Why Design Patterns?

  • Experience makes one perfect: You, as a developer, have to first understand existing good designs, their application area, and trade-offs so that you can reuse them or develop your own.
  • Shared language of design: Design patterns provide a common vocabulary for programmers. This helps to effectively communicate with one another, reducing misunderstandings and increasing productivity.
  • Better scalability: Design patterns help to make systems more scalable, allowing them to grow and adapt as needs change.
  • Improved code structure: Design patterns help to structure code in a consistent and organized manner, making it easier to understand and maintain. This can lead to improved code quality and reduced development time.

Elements of a Design Pattern

  1. Name - is a handle used to describe the design issue. It is necessary because it gives a common ground of understanding among programmers.
  2. Problem - is used to describe when the pattern can be used.
  3. Solution - is a template that describes elements and their relationships without providing implementation detail.
  4. Consequence - is used to describe the trade-offs of the pattern. Examples: time and space trade-offs, flexibility, extensibility, etc.

Types of Design Patterns

Design Patterns: Elements of Reusable Object-Oriented Software, commonly known as the Gang of Four, is a cornerstone in software engineering that brought design patterns into the mainstream. The book breaks down 23 different design patterns that fall into the following 3 categories:

  1. Creational - They are concerned with object-creation techniques.
  2. Structural - They are concerned with the combination of objects and classes in a flexible and effective way.
  3. Behavioral - They are concerned with the interaction between classes and objects and their responsibility.
23 design patterns gang of four

Introduction to Six Design Patterns

The following section is going to provide an overview of 6 software design patterns (2 from each category) and how they can be used to solve common programming challenges.

1. Singleton

The Singleton pattern is a type of creational pattern that ensures the creation of a single instance of a class and provides a global point of access to that instance.

The Why:

Suppose you are building a Database connection class:

  • You don’t want to create a separate DB instance for every object that needs to access it.
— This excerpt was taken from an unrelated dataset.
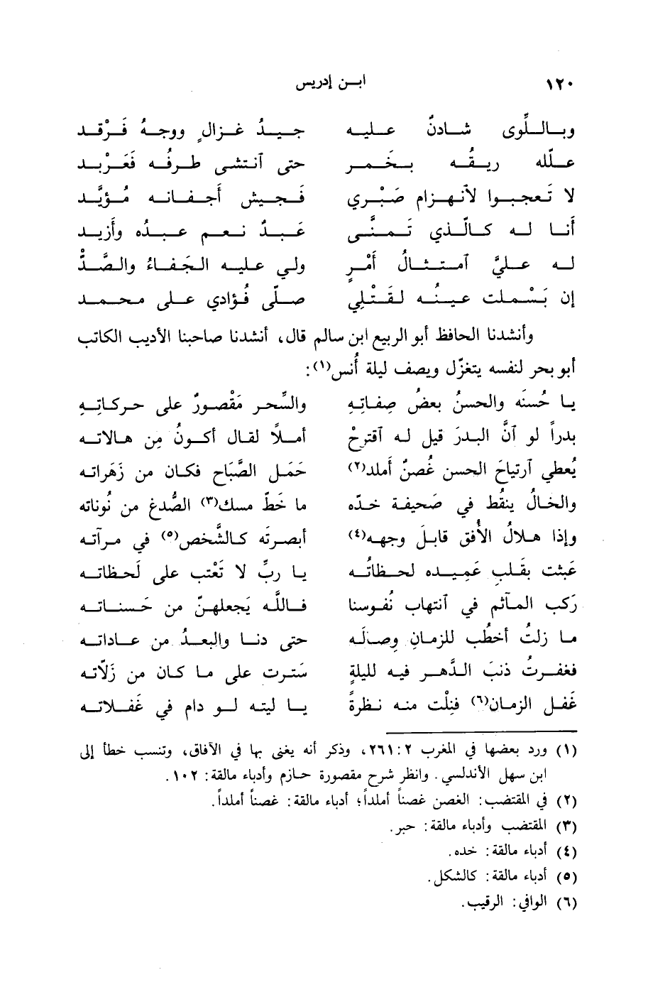 وأنشدنا الحافظ أبو الربيع ابن سالم قال: أنشدنا صاحبنا الأديب الكاتب أبو بحر لنفسه يتغزَّل ويصف ليلة أنس:

If you do so, it’s going to be costly. This concept goes for other shared resources like files as well.
  • You want to provide global and easy access to that instance. Similar to global variables, the Singleton pattern gives you access to an object from anywhere in your program.

The How:

There are various ways of implementing a Singleton pattern. However, all of the implementations share the following basic concepts:

  • Unlike a regular constructor that creates a new object whenever you call it, a Singleton class has a private constructor. A private constructor prevents other objects from instantiating an object of the Singleton class.
  • A private instance variable.
  • A static method that returns a reference to that instance. This static method basically acts as a constructor and calls the private constructor under the hood to either create an object (when requested for the first time) or return the cached one (for subsequent requests).

2. Factory Method

The factory method is also another type of creational pattern that provides an interface for creating objects but lets the subclasses decide which class to instantiate. In other words, the subclasses can change the type of objects that will be created.

The Why:

Suppose you are creating a logging framework by using the factory method design pattern to log different kinds of messages including, but not limited to, error messages, warning messages, and informational messages. In this use case:

  • The logger can provide a factory method for creating different types of messages.
  • The client code that uses this logger doesn’t need to know the exact implementation of the messages, it only needs to know the interface for creating them.
  • You can provide flexibility. If the object creation process changes, for example, a new class is added, only the factory method needs to be updated. No need to change the client code that uses those objects.

The How:

  • Replace direct object construction calls with calls to a specific factory method.
  • Create an object by calling the factory method, rather than invoking a constructor.

3. Adapter

Adapter is a type of structural design pattern that allows objects with incompatible interfaces to work together. It lies at an intermediary position between the client and the interface that the client wants to communicate with.

The Why:

Suppose you are building a video format conversion tool by following the Adapter design pattern:

  • Your software needs to adapt between different video formats, such as MP4, AVI, and FLV. It should be able to take a video in any format as input and convert it to the desired format. Communication between the target and the client happens via the adapter.
  • If in the future you want to support new formats, the pattern makes it easier because the video format conversion is decoupled from the specific video formats.

The How:

  • Define an adapter class that converts the incompatible interface of a class (adaptee) into another interface (target) clients expect.
  • Use this adapter to work with (reuse) other classes that do not have the required interface.

4. Decorator

Decorator is another type of structural design pattern that lets you attach new behaviors to objects without affecting the behavior of other objects from the same class. Even though inheritance can be used to alter the behavior of an object statically, a decorator helps you alter it dynamically as well.

The Why:

Suppose you are building a text editor:

  • The text editor can be your concrete component, and a spell checker can be your decorator.
  • The spell checker class should have the same interface as the text editor class so that it can be used as a decorator.
  • The spell-checker class can wrap the text editor and add spell-checking functionality to the editor. This makes it flexible to add new functionalities to the editor in the future.

The How:

  • Define an interface for the components and decorators.
  • Implement concrete components and concrete decorators that conform to the interface.
  • The decorators should have a reference to the components they decorate and delegate to the components to perform basic behaviors. The decorators will have methods that add new behavior.
  • Use the decorators to wrap the components in the desired order to attach the additional behavior.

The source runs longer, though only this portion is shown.